[Stored dataset items]
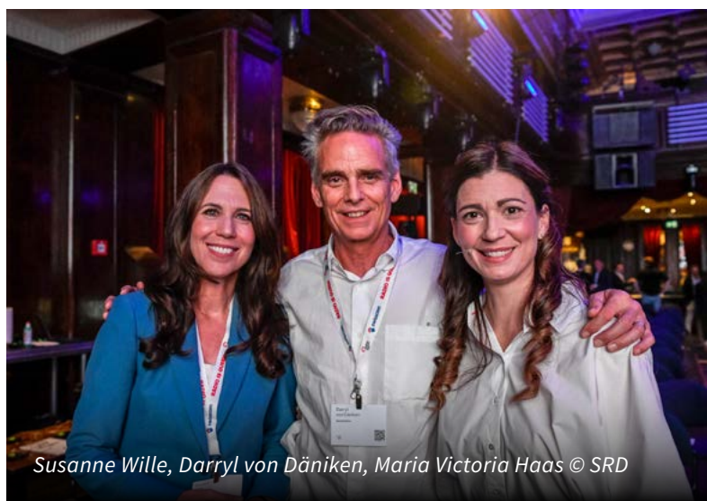
Susanne Wille, Darryl von Däniken, Maria Victoria Haas
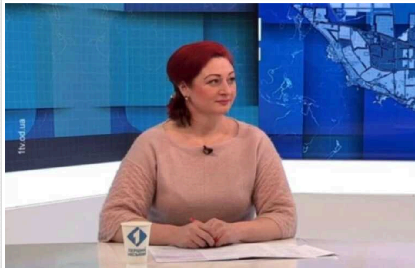
Заступник начальника департаменту аграрної політики Одеської ОВА нахамила водію маршрутки

В одеській маршрутці жінка пропустила свою зупинку і напала на водія, оскільки він не відчинив їй двері.
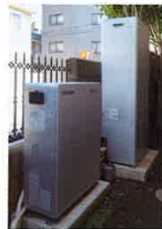
「エネファームの全景」 手前が電気をつくる 発電ユニット 奥がお湯を貯める 貯湯ユニット
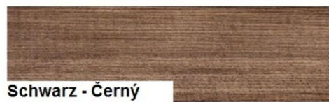
Schwarz - Černý
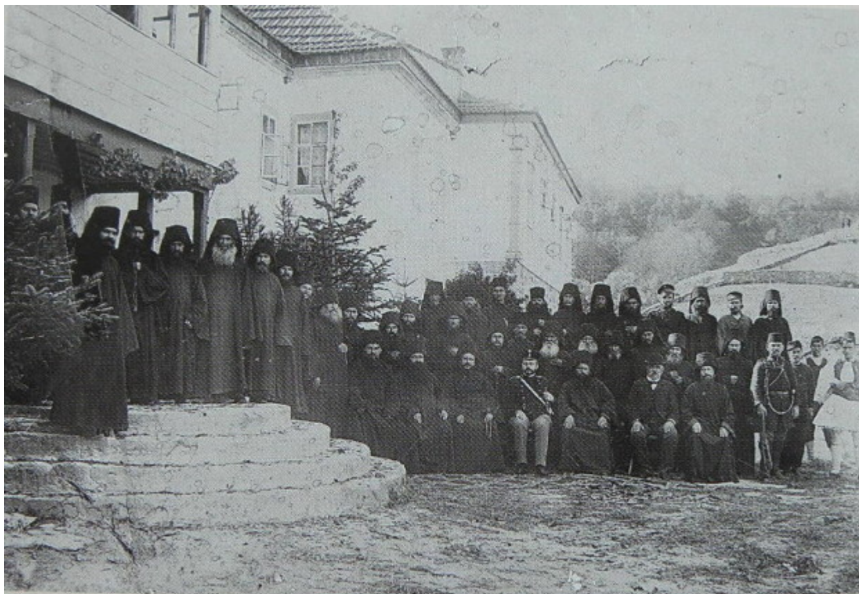
Ἡ πολυπληθὴς συνοδεία Ῥώσων μοναχῶν στὴν κεντρικὴ ἐσωτερικὴ εἴσοδο τοῦ Κελλίου.

Το 1863 παραχωρήθηκε ἀπὸ τὴν κυρίαρχο Μονὴ τῆς Μεγίστης Λαύρας, στὴν ὁποία πάντα ἀνήκε, σε Ῥώσους μοναχοὺς. Ὁ Γέροντας, Ἱερομόναχος Ἰγνατίος, στὸν ὁποῖο παραχωρήθηκε, ἦταν ὁ ἐκπρόσωπος τοῦ Πατριάρχῃ τῆς Μόσχας στὴν Κωνσταντινούπολη. Αὐτὸς ἀνακατασκεύασε τὸ Ναό, προσθέτοντας στὸν πρῶτο ὄροφο παρεκκλήσι ἀφιερωμένο στὴ Σκέπη τῆς Ὑπεραγίας Θεοτόκου, δίπλα στα ερείπια τοῦ ἀρχαίου Ναοῦ τῶν Ἀρχαγγέλων.
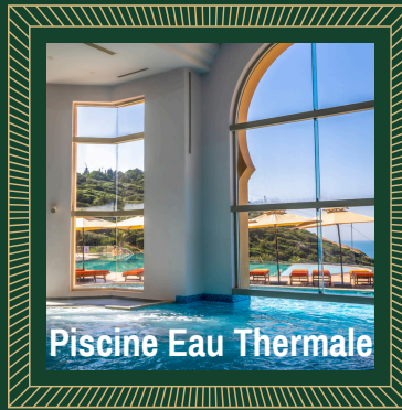
Piscine Eau Thermale

L'hôtel propose également des piscines intérieures et extérieures en eau de mer ou en eau thermale, un jacuzzi, un court de tennis, un boulodrome, ainsi que plusieurs départs de randonnées pédestres.
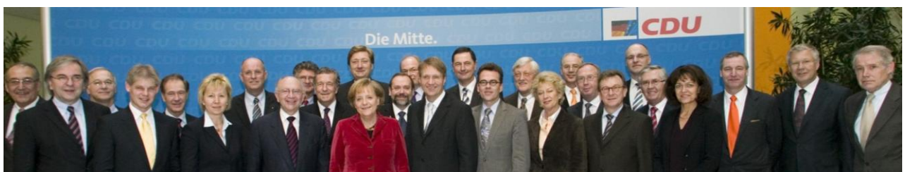
Die kommunalpolitische Zwischenbilanz zeigt, dass sich die Kommunen auf die Bundeskanzlerin verlassen können. Hier sieht man sie im Kreis von Oberbürgermeistern der CDU im Konrad-Adenauer-Haus in Berlin.

Hintergrund ist, dass seit 1999 – dem Inkrafttreten der EU-Führerscheinrichtlinie – mit der neuen Fahrerlaubnis Klasse B nur noch Kraftfahrzeuge bis zu 3,5 Tonnen gefahren werden dürfen. Diese Entwicklung führte zu einem sich zuspitzenden Problem für Feuerwehren und Rettungsdienste. Betroffen sind unter Einbeziehung der Hilfeleistungsorganisationen etwa 100.000 Führerscheininhaber.
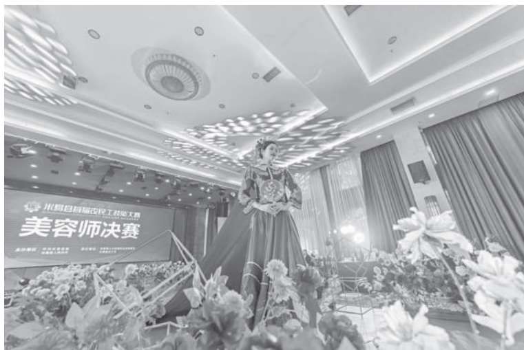
米易县首届农民工技能大赛美容师决赛现场

【社会保障】 城乡居民养老保险参保 9.58 万人、参保率 96% 以上；着力推动灵活就业人员、
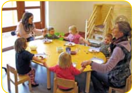
„Guten Appetit – hau rein!“

Das Frühstück ist für uns alle, groß und klein, immer wieder ein Erlebnis. Die Kinder probieren gerne mal was der Tischnachbar auf seinem Teller hat. Hier und da kippt auch mal der selbst-eingegossene Becher um, dann wird
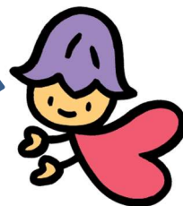
熊本県人権啓発キャラクター コッコロ

派遣する登録講師は、各分野の専門の知識や経験を有し、県主催の研修会等での実績がある方々です。次のような研修へ派遣し、皆様の人権研修を応援します。
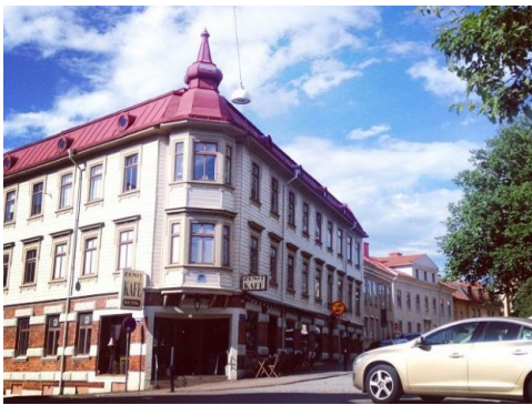
Klassiskt Göteborgskt landshövdingehus i Majorna.

Under 1700-talet blommade Göteborg ut till en riktig storstad med dåtidens mått: över 10 000 (!) invånare. Hamnens betydelse växte och tack vare Ostindiska kompaniet, samt exporten av järn- och trävaror, blev Göteborg en rejäl handels- och sjöfartsstad. Tobaks- och sockerindustrin var tillsammans med sillfisket andra viktiga näringar och tillförde Göteborg stor vinst. Många av dåtidens köpmän byggde upp pampiga timmerhus längs med kanalerna. Dessvärre drabbades Göteborg av en rad bränder under slutet av 1700-talet och därför finns inte de ursprungliga trähusen kvar.
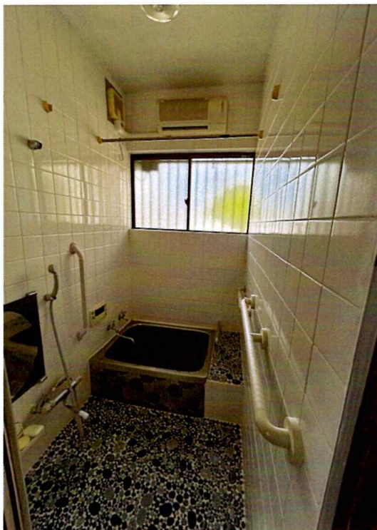
住吉2丁目2015-1 1F 浴室
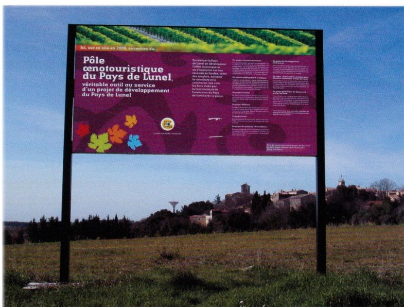
Fig. 5. Passé, présent, avenir : tout conjuguer au pôle œnotouristique de Saint-Christol (architecte Ph. Madec).

de Tourisme, par les communes, par le syndicat du cru Saint-Christol ainsi que par la coopérative et les domaines particuliers : fête des « Perles du Terroir », vendanges à l'ancienne, ballades vigneronnes, journées découverte d'un caveau et d'un domaine, journées d'initiation à la culture de la vigne pour les adultes ou avec les écoles, initiation à la dégustation... Mieux comprendre et partager la culture de la vigne et du vin, tant dans le passé que de nos jours, tel est l'objet de cet effort de valorisation dans une société où les valeurs rurales se trouvent marginalisées ou incomprises. Cette entreprise s'est particulièrement développée au cours des dernières années au moyen d'ex-
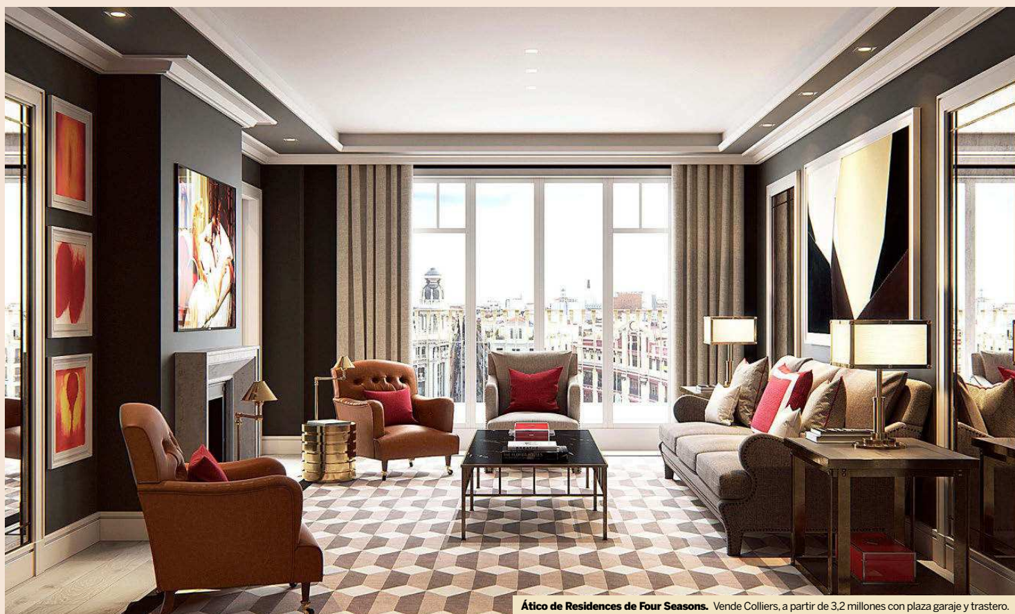
Ático de Residences de Four Seasons. Vende Colliers, a partir de 3,2 millones con plaza garaje y trastero.

* **To do**
Would you please repeat only the lines above, beginning at the one that has "Заступник начальника департаменту" and stopping after the one that has "Klassiskt Göteborgskt landshövdingehus", exactly and with no pictures?

* **Result of this exercise**
Заступник начальника департаменту аграрної політики Одеської ОВА нахамила водію маршрутки

В одеській маршрутці жінка пропустила свою зупинку і напала на водія, оскільки він не відчинив їй двері.
「エネファームの全景」 手前が電気をつくる 発電ユニット 奥がお湯を貯める 貯湯ユニット
Schwarz - Černý
Ἡ πολυπληθὴς συνοδεία Ῥώσων μοναχῶν στὴν κεντρικὴ ἐσωτερικὴ εἴσοδο τοῦ Κελλίου.

Το 1863 παραχωρήθηκε ἀπὸ τὴν κυρίαρχο Μονὴ τῆς Μεγίστης Λαύρας, στὴν ὁποία πάντα ἀνήκε, σε Ῥώσους μοναχοὺς. Ὁ Γέροντας, Ἱερομόναχος Ἰγνατίος, στὸν ὁποῖο παραχωρήθηκε, ἦταν ὁ ἐκπρόσωπος τοῦ Πατριάρχῃ τῆς Μόσχας στὴν Κωνσταντινούπολη. Αὐτὸς ἀνακατασκεύασε τὸ Ναό, προσθέτοντας στὸν πρῶτο ὄροφο παρεκκλήσι ἀφιερωμένο στὴ Σκέπη τῆς Ὑπεραγίας Θεοτόκου, δίπλα στα ερείπια τοῦ ἀρχαίου Ναοῦ τῶν Ἀρχαγγέλων.
Piscine Eau Thermale

L'hôtel propose également des piscines intérieures et extérieures en eau de mer ou en eau thermale, un jacuzzi, un court de tennis, un boulodrome, ainsi que plusieurs départs de randonnées pédestres.
Die kommunalpolitische Zwischenbilanz zeigt, dass sich die Kommunen auf die Bundeskanzlerin verlassen können. Hier sieht man sie im Kreis von Oberbürgermeistern der CDU im Konrad-Adenauer-Haus in Berlin.

Hintergrund ist, dass seit 1999 – dem Inkrafttreten der EU-Führerscheinrichtlinie – mit der neuen Fahrerlaubnis Klasse B nur noch Kraftfahrzeuge bis zu 3,5 Tonnen gefahren werden dürfen. Diese Entwicklung führte zu einem sich zuspitzenden Problem für Feuerwehren und Rettungsdienste. Betroffen sind unter Einbeziehung der Hilfeleistungsorganisationen etwa 100.000 Führerscheininhaber.
米易县首届农民工技能大赛美容师决赛现场

【社会保障】 城乡居民养老保险参保 9.58 万人、参保率 96% 以上；着力推动灵活就业人员、
„Guten Appetit – hau rein!“

Das Frühstück ist für uns alle, groß und klein, immer wieder ein Erlebnis. Die Kinder probieren gerne mal was der Tischnachbar auf seinem Teller hat. Hier und da kippt auch mal der selbst-eingegossene Becher um, dann wird
熊本県人権啓発キャラクター コッコロ

派遣する登録講師は、各分野の専門の知識や経験を有し、県主催の研修会等での実績がある方々です。次のような研修へ派遣し、皆様の人権研修を応援します。
Klassiskt Göteborgskt landshövdingehus i Majorna.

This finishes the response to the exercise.